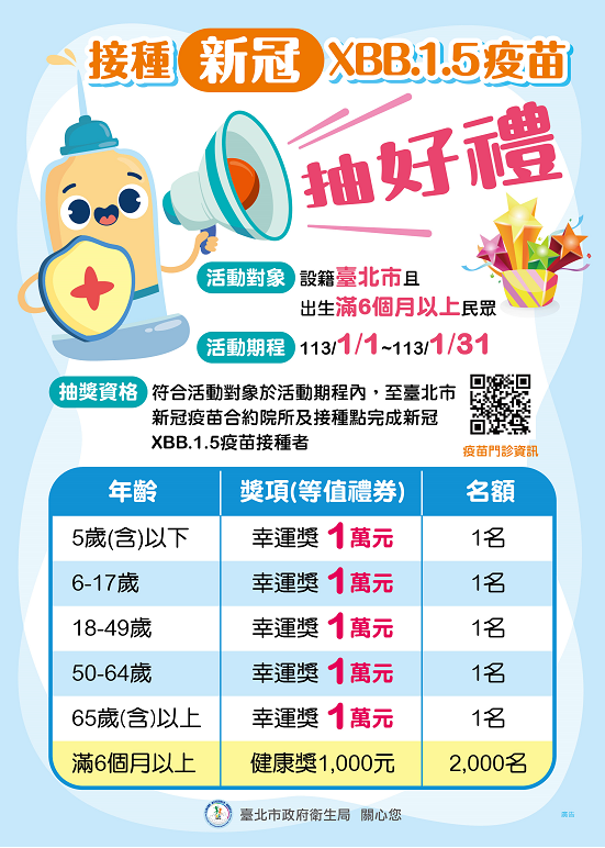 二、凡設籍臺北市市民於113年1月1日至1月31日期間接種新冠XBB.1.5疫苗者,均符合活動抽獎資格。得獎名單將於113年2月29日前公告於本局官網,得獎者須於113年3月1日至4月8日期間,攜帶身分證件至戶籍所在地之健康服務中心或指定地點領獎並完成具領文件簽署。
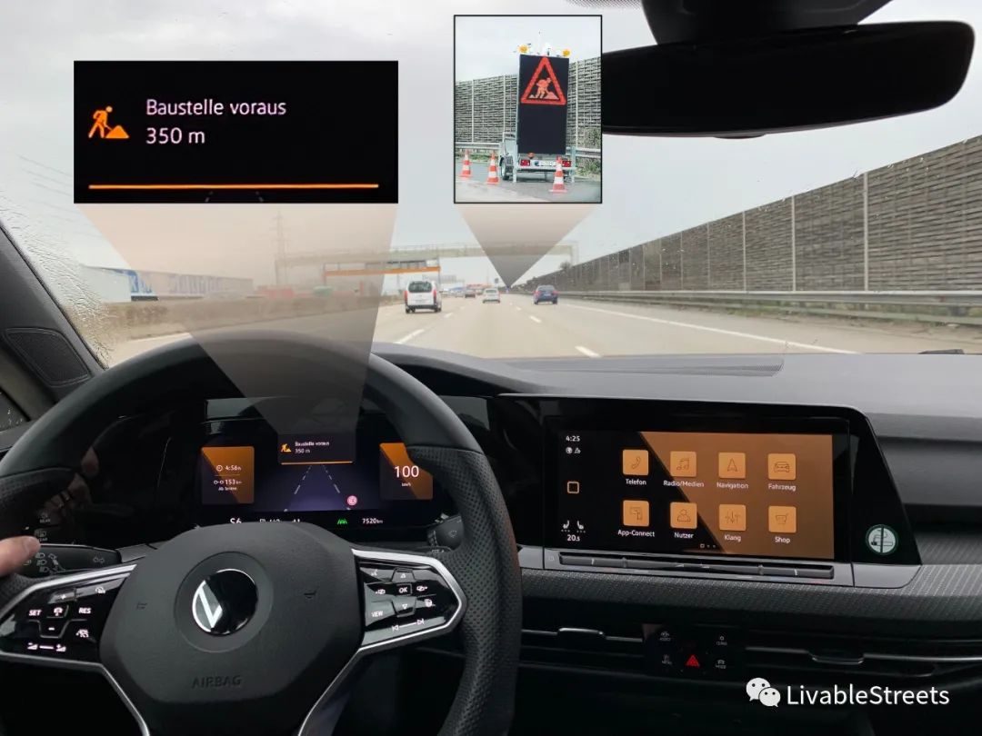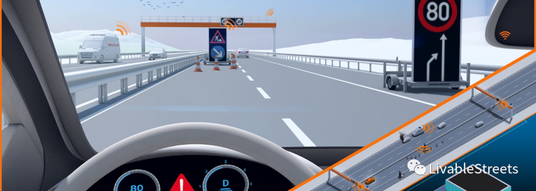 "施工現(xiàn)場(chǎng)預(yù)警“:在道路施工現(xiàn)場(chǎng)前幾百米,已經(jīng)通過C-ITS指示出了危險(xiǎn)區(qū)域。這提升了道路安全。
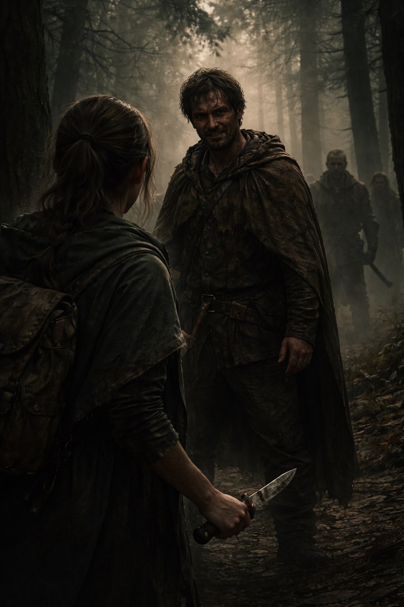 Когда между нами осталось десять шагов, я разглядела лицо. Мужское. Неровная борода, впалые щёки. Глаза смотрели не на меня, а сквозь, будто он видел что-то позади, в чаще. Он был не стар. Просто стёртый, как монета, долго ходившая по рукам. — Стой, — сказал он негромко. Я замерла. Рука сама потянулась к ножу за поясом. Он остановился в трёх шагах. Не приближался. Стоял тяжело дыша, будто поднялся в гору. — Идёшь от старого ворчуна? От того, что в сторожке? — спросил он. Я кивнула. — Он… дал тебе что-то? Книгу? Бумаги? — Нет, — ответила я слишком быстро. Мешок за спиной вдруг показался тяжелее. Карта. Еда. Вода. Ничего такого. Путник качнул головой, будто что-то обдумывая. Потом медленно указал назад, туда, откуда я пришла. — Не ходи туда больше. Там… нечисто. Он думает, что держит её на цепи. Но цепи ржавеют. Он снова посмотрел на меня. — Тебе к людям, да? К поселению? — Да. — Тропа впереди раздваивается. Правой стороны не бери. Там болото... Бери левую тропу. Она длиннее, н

...

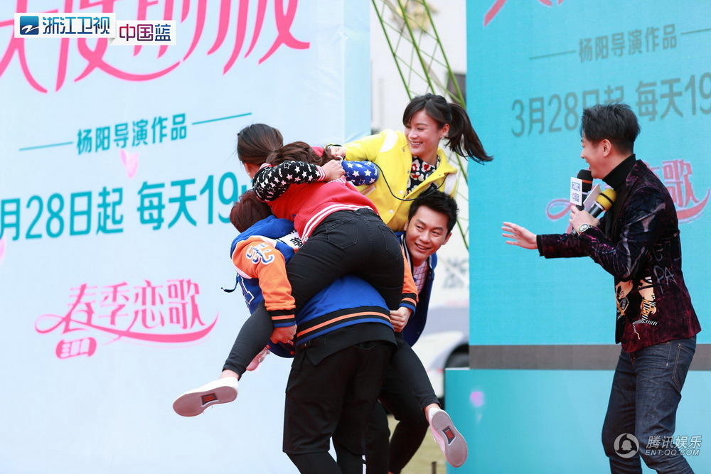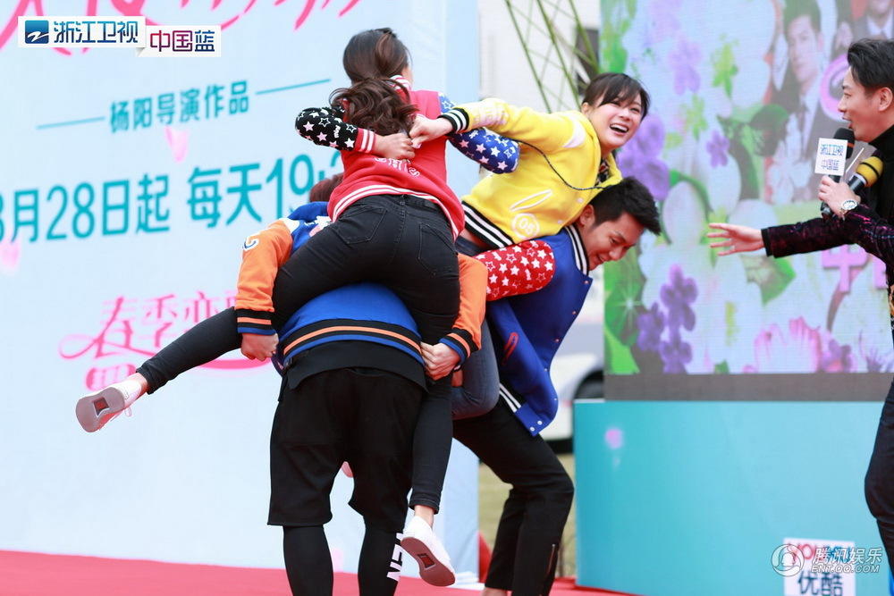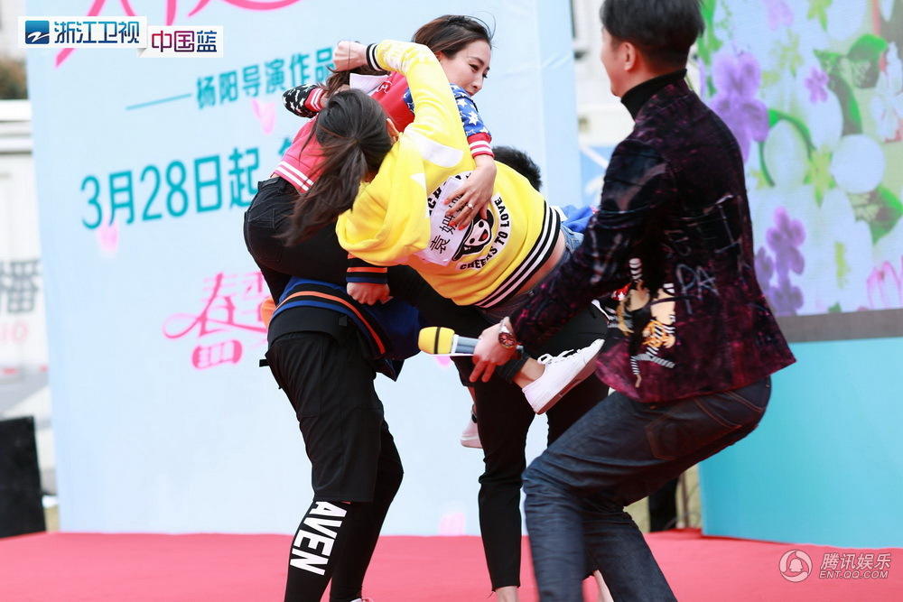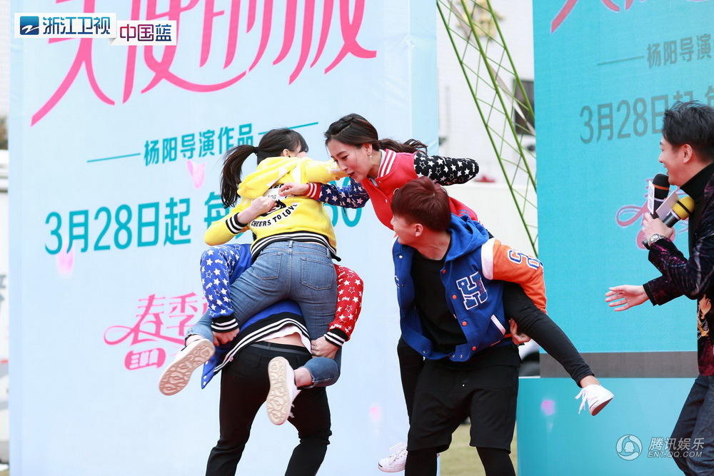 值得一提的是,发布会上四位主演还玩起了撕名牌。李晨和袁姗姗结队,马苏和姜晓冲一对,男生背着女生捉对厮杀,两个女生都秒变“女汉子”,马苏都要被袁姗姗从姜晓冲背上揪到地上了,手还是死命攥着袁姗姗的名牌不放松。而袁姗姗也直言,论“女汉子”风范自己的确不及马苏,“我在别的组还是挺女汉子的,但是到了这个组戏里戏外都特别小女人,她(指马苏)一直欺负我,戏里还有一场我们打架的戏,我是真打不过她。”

## About this exercise
Copy nothing but the lines above that run from the one with "二、凡設籍臺北市市民於113" to the one with "Когда между нами", ends included; pictures stay out.

## Solution to the exercise
 二、凡設籍臺北市市民於113年1月1日至1月31日期間接種新冠XBB.1.5疫苗者,均符合活動抽獎資格。得獎名單將於113年2月29日前公告於本局官網,得獎者須於113年3月1日至4月8日期間,攜帶身分證件至戶籍所在地之健康服務中心或指定地點領獎並完成具領文件簽署。
 "施工現(xiàn)場(chǎng)預(yù)警“:在道路施工現(xiàn)場(chǎng)前幾百米,已經(jīng)通過C-ITS指示出了危險(xiǎn)區(qū)域。這提升了道路安全。
 Когда между нами осталось десять шагов, я разглядела лицо. Мужское. Неровная борода, впалые щёки. Глаза смотрели не на меня, а сквозь, будто он видел что-то позади, в чаще. Он был не стар. Просто стёртый, как монета, долго ходившая по рукам. — Стой, — сказал он негромко. Я замерла. Рука сама потянулась к ножу за поясом. Он остановился в трёх шагах. Не приближался. Стоял тяжело дыша, будто поднялся в гору. — Идёшь от старого ворчуна? От того, что в сторожке? — спросил он. Я кивнула. — Он… дал тебе что-то? Книгу? Бумаги? — Нет, — ответила я слишком быстро. Мешок за спиной вдруг показался тяжелее. Карта. Еда. Вода. Ничего такого. Путник качнул головой, будто что-то обдумывая. Потом медленно указал назад, туда, откуда я пришла. — Не ходи туда больше. Там… нечисто. Он думает, что держит её на цепи. Но цепи ржавеют. Он снова посмотрел на меня. — Тебе к людям, да? К поселению? — Да. — Тропа впереди раздваивается. Правой стороны не бери. Там болото... Бери левую тропу. Она длиннее, н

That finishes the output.